=== RECORDS PROVIDED ===

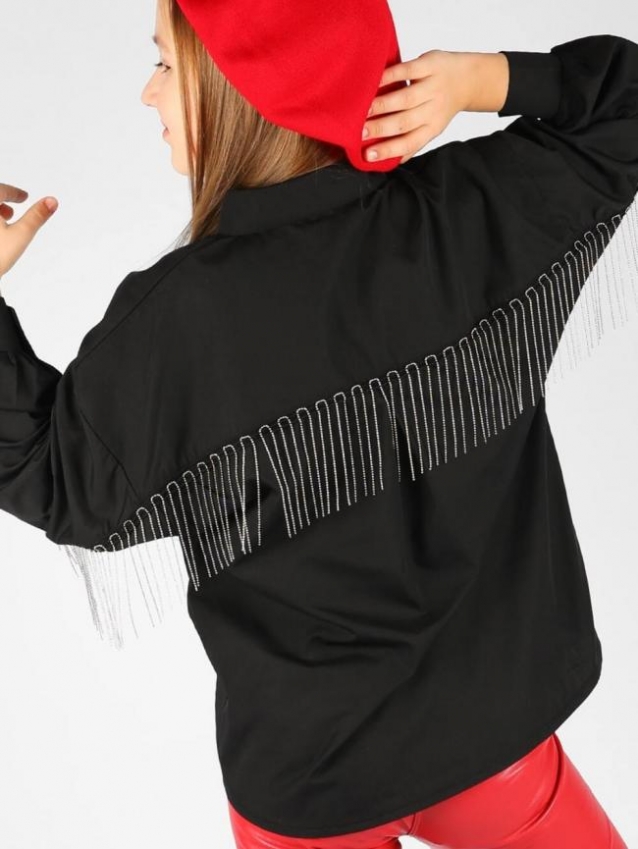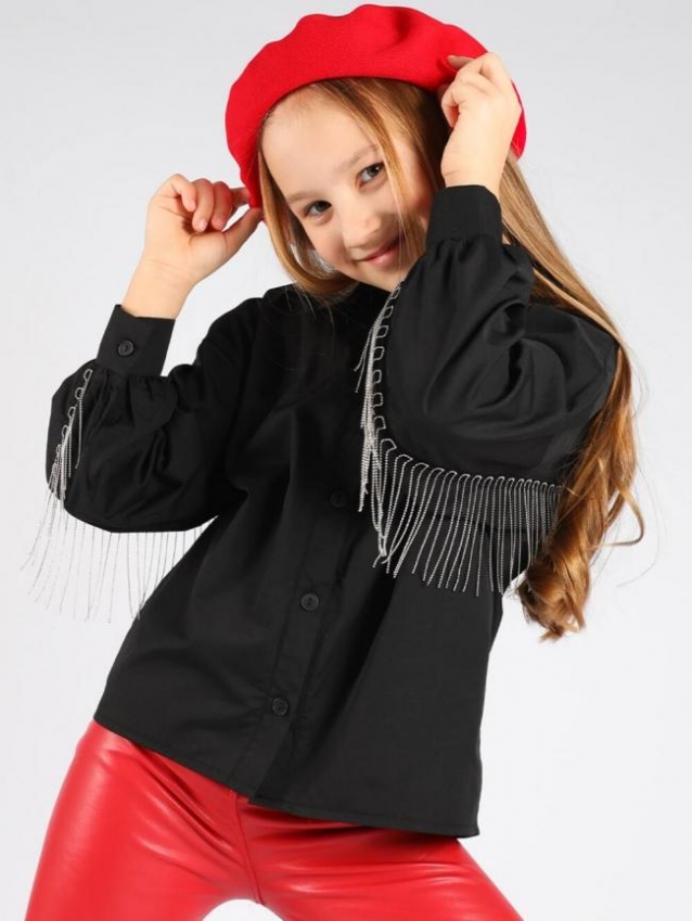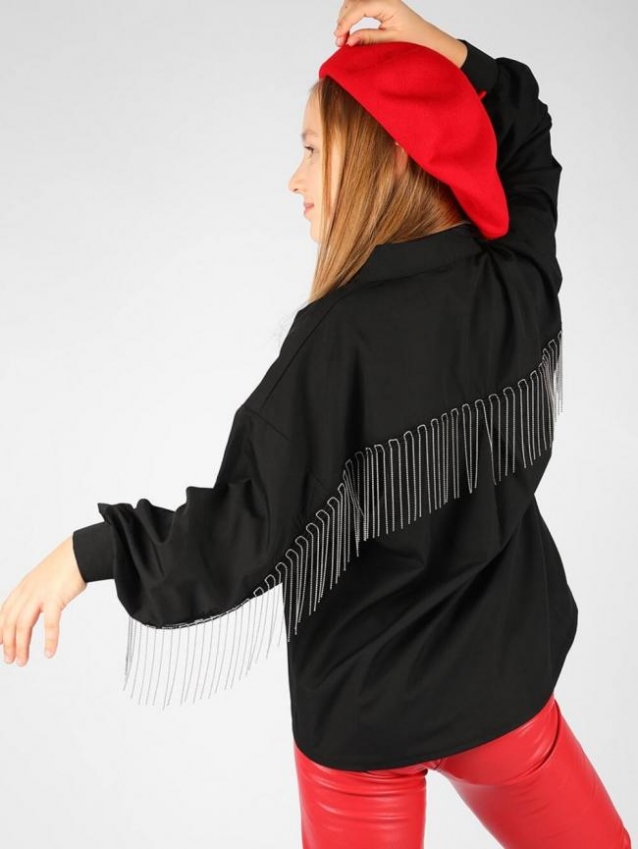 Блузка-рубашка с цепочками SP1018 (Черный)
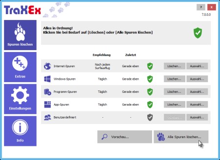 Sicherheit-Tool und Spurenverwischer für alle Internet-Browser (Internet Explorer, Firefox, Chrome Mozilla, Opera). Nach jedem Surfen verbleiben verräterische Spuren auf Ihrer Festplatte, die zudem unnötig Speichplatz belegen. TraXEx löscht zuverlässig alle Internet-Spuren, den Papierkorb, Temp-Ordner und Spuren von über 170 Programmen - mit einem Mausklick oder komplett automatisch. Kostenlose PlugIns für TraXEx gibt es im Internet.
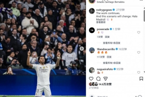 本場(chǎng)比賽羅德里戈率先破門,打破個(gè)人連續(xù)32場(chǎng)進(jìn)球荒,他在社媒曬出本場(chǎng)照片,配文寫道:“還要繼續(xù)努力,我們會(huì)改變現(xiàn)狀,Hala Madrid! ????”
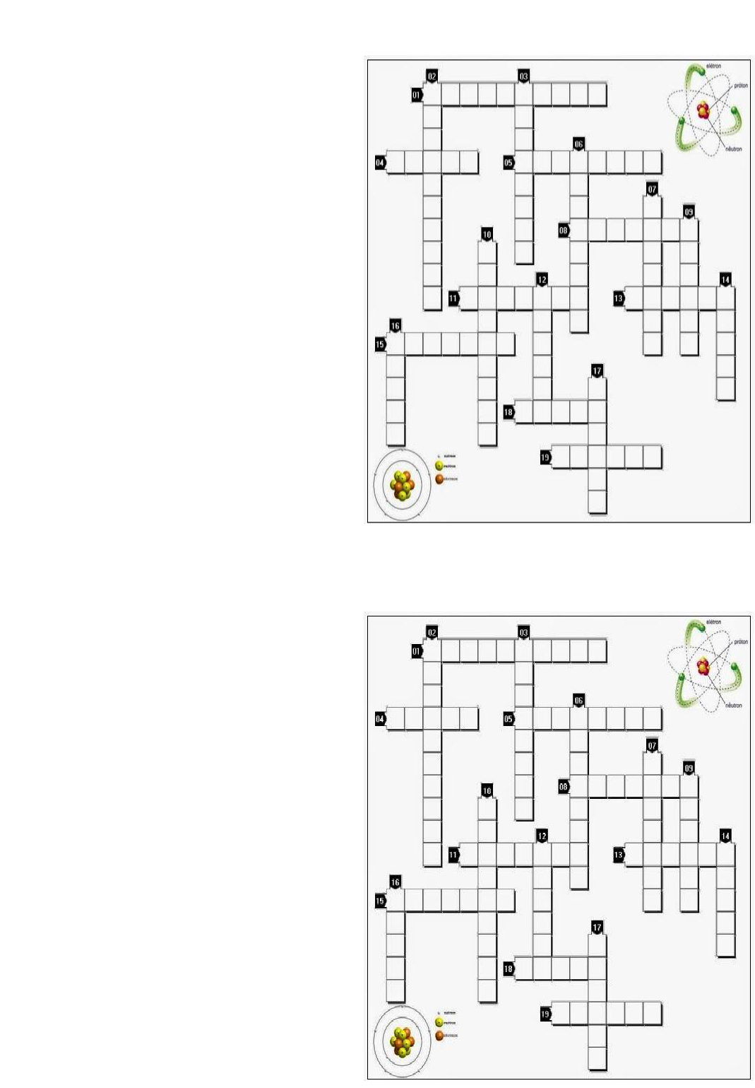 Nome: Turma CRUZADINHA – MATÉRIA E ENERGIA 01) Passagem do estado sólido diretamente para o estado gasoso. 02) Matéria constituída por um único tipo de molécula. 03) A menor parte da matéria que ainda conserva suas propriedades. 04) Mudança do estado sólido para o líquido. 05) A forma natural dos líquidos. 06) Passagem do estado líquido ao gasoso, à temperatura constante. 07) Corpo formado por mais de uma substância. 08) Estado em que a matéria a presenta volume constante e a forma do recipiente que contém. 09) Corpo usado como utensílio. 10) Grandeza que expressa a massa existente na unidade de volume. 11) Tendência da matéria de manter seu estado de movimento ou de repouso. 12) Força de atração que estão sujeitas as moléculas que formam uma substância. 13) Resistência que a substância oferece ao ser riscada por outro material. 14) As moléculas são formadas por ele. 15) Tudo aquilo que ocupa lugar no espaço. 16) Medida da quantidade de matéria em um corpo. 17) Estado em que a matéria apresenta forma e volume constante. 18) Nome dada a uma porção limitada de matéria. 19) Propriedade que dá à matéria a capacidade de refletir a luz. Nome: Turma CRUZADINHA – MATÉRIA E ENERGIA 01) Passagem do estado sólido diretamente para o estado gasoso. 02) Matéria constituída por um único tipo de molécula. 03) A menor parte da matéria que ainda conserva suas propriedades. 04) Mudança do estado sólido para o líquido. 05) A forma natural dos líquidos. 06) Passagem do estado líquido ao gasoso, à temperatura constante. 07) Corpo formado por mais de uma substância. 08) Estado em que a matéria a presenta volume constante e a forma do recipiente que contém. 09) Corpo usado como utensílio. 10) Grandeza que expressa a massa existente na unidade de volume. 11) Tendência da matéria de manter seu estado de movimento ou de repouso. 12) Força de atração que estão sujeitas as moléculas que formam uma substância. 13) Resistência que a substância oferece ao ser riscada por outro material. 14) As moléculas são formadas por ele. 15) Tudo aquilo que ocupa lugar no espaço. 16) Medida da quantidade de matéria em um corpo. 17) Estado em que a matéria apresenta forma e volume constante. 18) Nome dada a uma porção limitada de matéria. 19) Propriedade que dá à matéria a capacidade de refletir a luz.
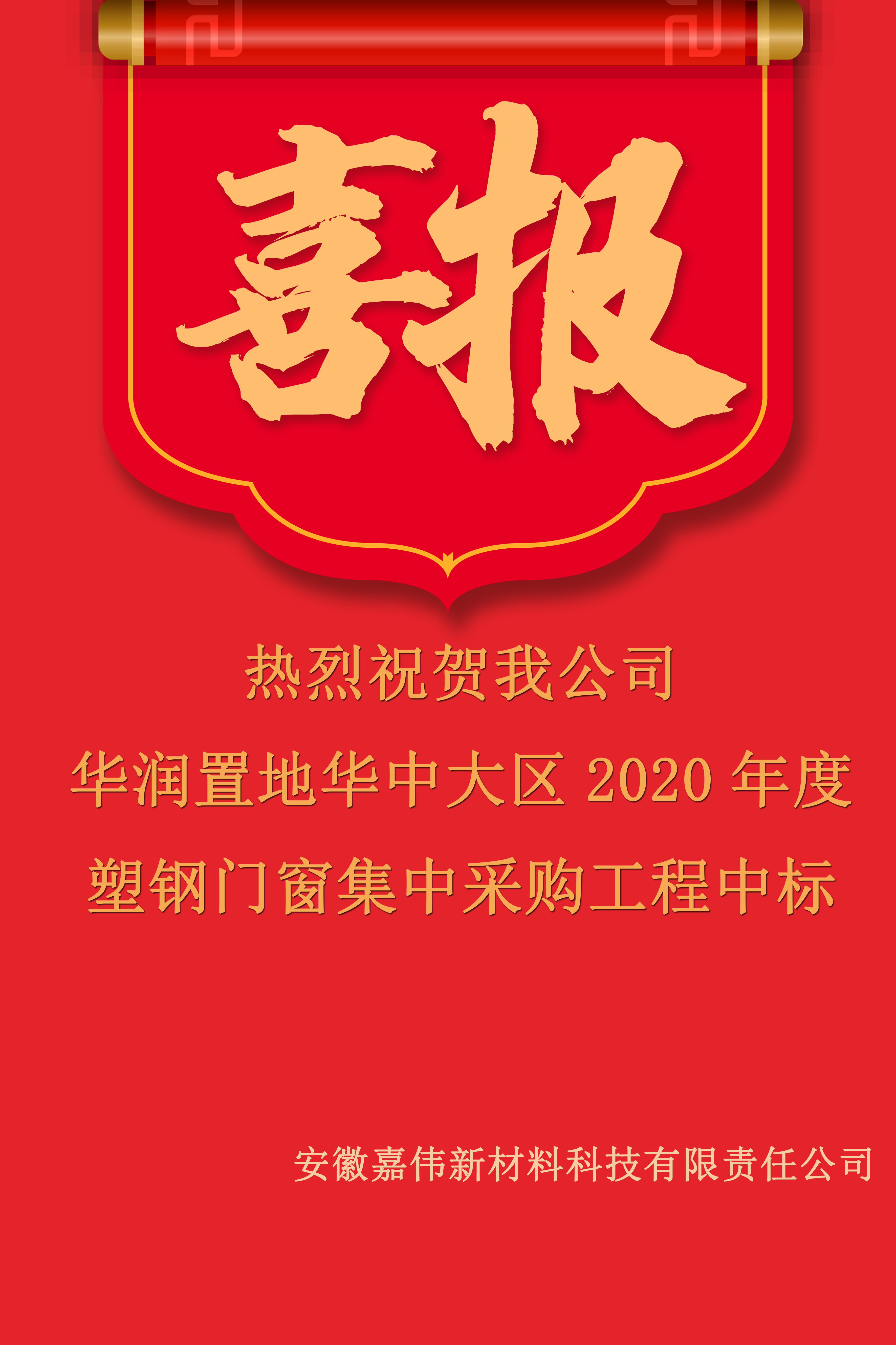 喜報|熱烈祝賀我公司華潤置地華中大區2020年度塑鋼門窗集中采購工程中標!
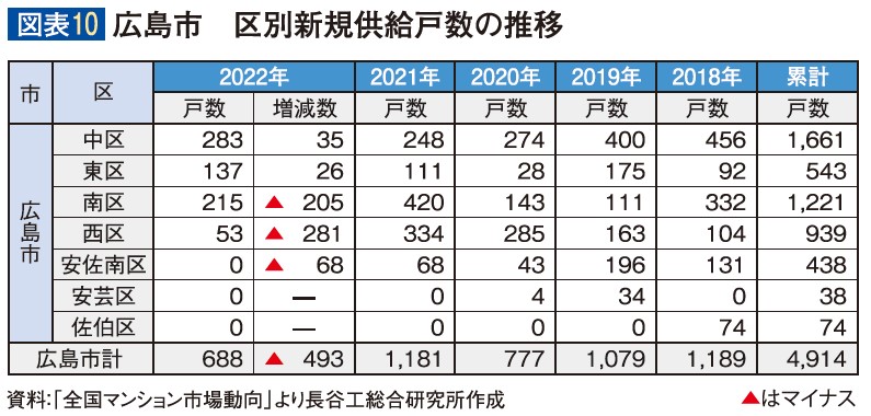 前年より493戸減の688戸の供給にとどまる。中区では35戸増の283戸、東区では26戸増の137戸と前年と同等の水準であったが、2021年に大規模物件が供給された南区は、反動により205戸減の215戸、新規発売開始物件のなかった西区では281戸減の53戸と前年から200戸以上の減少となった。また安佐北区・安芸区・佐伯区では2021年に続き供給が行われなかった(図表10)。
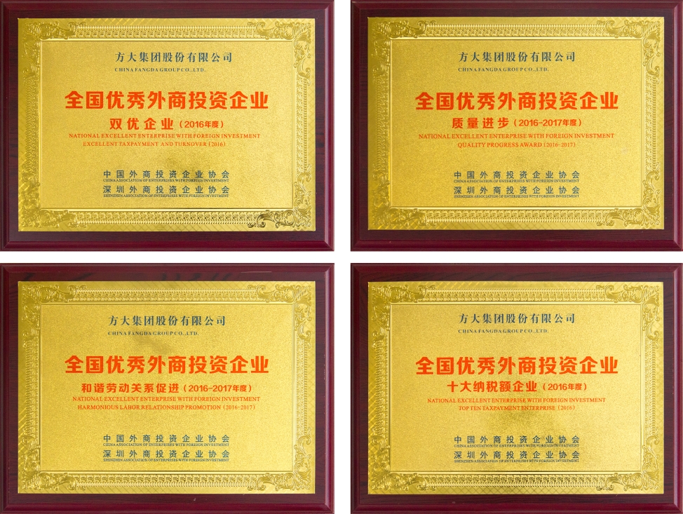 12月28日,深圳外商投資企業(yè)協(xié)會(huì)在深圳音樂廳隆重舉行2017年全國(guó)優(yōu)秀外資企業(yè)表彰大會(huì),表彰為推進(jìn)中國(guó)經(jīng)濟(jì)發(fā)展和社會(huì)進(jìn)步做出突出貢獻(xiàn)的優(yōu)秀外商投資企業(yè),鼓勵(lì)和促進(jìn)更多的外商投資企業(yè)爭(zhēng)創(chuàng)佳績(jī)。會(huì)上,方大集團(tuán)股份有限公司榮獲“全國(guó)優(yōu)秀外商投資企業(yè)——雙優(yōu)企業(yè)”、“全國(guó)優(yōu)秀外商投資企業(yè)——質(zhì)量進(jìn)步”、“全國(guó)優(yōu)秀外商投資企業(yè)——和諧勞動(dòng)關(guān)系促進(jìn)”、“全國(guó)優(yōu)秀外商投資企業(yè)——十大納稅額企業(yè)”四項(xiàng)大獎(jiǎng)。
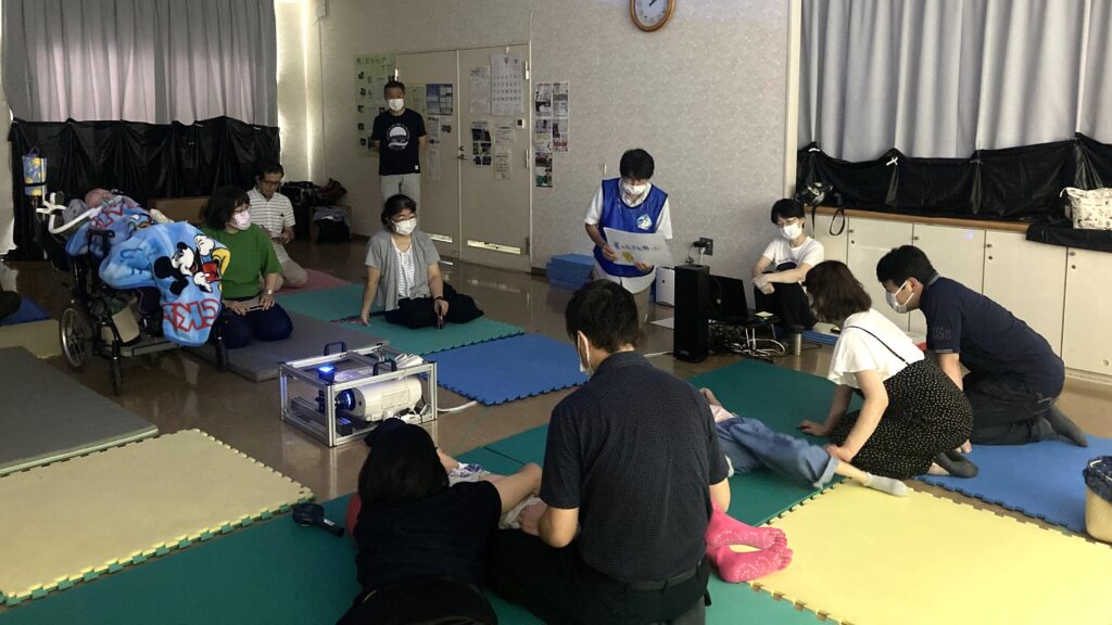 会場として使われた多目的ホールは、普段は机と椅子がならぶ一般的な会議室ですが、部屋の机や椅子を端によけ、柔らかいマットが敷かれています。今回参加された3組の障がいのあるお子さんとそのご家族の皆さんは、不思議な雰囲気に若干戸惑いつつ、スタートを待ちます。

===

### WORK TO COMPLETE
Transcribe only this stretch of the data: the line with "喜報|熱烈祝賀我公司華潤置地華中大區2020年度塑鋼門窗集中采購工程中標!", the line with "前年より493戸減の688戸", and every line in between. Leave out the pictures.

### ANSWER AREA
 喜報|熱烈祝賀我公司華潤置地華中大區2020年度塑鋼門窗集中采購工程中標!
 前年より493戸減の688戸の供給にとどまる。中区では35戸増の283戸、東区では26戸増の137戸と前年と同等の水準であったが、2021年に大規模物件が供給された南区は、反動により205戸減の215戸、新規発売開始物件のなかった西区では281戸減の53戸と前年から200戸以上の減少となった。また安佐北区・安芸区・佐伯区では2021年に続き供給が行われなかった(図表10)。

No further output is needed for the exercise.